Non rappresentano una complicanza a parte. Nella fase distonica compaiono

delle posture particolari (coatte) di tipo camptocormico ed in retropulsione.

Anche la postura distonica può essere corretta dalle stesse modifiche

terapeutiche che controllano le distonie.

Acinesia acuta

La sindrome Acinetica Acuta è caratterizzata da una transitoria refrattarietà

della risposta alla somministrazione di L-Dopa o dopaminoagonisti. In genere

compare in pazienti sottoposti ad interventi chirurgici, in conseguenza di

un'infezione o di un trauma con frattura.

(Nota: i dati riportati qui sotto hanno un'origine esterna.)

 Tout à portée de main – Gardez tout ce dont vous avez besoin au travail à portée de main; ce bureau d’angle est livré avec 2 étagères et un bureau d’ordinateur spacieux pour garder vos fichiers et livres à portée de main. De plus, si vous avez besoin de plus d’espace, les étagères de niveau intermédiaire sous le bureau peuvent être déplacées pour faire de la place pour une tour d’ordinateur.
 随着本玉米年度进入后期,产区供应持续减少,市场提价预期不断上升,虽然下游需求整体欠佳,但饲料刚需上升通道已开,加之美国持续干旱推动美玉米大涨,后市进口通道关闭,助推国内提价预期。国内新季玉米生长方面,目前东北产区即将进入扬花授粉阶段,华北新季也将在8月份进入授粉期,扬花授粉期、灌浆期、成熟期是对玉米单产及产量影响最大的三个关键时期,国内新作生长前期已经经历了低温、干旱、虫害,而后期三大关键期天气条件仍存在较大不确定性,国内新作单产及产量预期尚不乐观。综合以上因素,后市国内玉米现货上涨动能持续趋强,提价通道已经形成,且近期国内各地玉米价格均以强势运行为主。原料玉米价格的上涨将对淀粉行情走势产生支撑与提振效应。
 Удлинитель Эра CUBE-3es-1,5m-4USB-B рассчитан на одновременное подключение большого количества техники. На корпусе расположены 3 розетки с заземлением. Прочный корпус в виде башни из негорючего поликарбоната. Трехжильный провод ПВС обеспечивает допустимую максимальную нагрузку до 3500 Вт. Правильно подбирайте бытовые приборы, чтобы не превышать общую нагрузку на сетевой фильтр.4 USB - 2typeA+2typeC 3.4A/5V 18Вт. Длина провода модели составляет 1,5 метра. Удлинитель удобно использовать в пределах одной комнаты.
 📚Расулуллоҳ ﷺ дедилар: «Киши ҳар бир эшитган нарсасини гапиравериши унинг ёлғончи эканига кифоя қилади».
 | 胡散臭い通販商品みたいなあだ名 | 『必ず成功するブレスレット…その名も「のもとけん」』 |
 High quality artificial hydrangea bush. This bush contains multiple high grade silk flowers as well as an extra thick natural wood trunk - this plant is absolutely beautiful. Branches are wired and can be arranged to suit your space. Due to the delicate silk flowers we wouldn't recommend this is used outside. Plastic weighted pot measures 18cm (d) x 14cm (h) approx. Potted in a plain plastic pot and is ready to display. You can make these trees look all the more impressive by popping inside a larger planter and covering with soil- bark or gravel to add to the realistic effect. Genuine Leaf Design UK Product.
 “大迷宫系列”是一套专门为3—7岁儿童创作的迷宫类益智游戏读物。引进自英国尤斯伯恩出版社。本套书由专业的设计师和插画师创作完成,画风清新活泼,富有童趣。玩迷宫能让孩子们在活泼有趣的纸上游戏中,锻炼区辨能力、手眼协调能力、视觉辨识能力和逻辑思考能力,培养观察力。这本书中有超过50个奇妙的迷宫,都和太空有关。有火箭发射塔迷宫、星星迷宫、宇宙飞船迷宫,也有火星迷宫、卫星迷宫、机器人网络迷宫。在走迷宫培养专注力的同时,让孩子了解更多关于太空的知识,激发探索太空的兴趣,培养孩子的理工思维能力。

Il paziente diviene gravemente acinetico e la somministrazione di L-Dopa o

dopaminoagonisti non determina alcun recupero delle capacità motorie. Inoltre

possono sovrapporsi disturbi psichiatrici o cognitivi.

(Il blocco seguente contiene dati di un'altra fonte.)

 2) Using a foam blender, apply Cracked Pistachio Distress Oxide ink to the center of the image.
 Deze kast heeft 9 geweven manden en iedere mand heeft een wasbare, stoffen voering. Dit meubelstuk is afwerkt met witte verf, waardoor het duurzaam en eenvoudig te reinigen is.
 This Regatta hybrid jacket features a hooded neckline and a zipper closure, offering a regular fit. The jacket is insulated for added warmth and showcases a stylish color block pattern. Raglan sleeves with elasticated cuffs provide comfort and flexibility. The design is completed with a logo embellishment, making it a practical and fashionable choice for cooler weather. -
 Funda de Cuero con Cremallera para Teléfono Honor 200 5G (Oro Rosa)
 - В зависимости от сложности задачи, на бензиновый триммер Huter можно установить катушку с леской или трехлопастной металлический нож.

La descrizione classica segnala il totale crollo delle funzioni motorie, con

immobilità, disfagia, afonia e rapida essiccosi (disidratazione cui si

sovrappongono infezioni opportunistiche) (41).

Turning behavior

E’ un cambiamento del comportamento legato alla liberazione in eccesso di

dopamina dal lato danneggiato, un parametro comportamentale che viene

indotto nel ratto emiparkinsoniano per il grado di asimmetria posturale.